Developers: | Yandex |
Date of the premiere of the system: | 2024/06/11 |
Technology: | ITSM - IT Service Management Systems |
2024: YaFSDP Library Presentation
Yandex has developed the YaFSDP library and posted it in open source. The developer announced this on June 11, 2024. It significantly speeds up the training of large language models - both in-house and third-party, open source. The library gives an acceleration of up to 25% - the result depends on the architecture and parameters of the neural network. YaFSDP can also use up to 20% less GPU (GPU) resources required for training. Now YaFSDP can be used by companies, developers and researchers around the world.
The Yandex library is designed primarily for large language models, although it is also suitable for other neural networks - for example, those that generate images. YaFSDP can reduce the cost of equipment for model training - this is especially important for startups and, for example, scientific projects.
One of the difficulties in teaching large language models is the insufficient loading of communication channels between graphic ones. processors YaFSDP decides this. The library optimizes the use of GPU resources at all stages of training: pre-training (preliminary), supervised fine-tuning (with a teacher), alignment (model alignment). Thanks to this, YaFSDP uses exactly as much graphics memory as is needed for learning, while nothing slows down communication between GPUs.
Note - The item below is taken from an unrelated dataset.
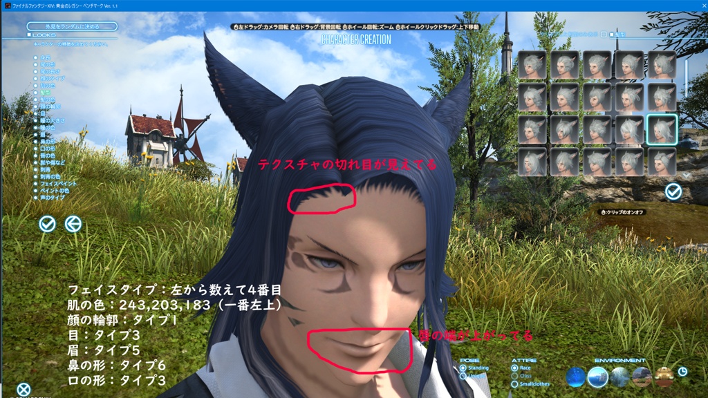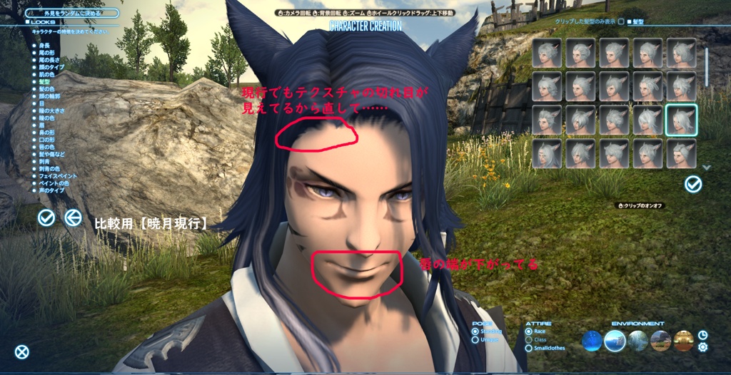 現状のキャラと比較してみてミコッテ♂で気になった点を2つ記載させて頂きます。

Yandex developed YaFSDP in the process of training its new generation generation model YandexGPT 3. The company has already tested the library on third-party neural networks with an open one. source code For example, if YaFSDP were used for the LLaMA 2 model, the pre-training phase on 1024 GPUs would be reduced from 66 days to 53 days.
YaFSDP source code is already on GitHub[1]. You can see the details of the measurements in the GitHub repository, and read about the development of the library - on Habra.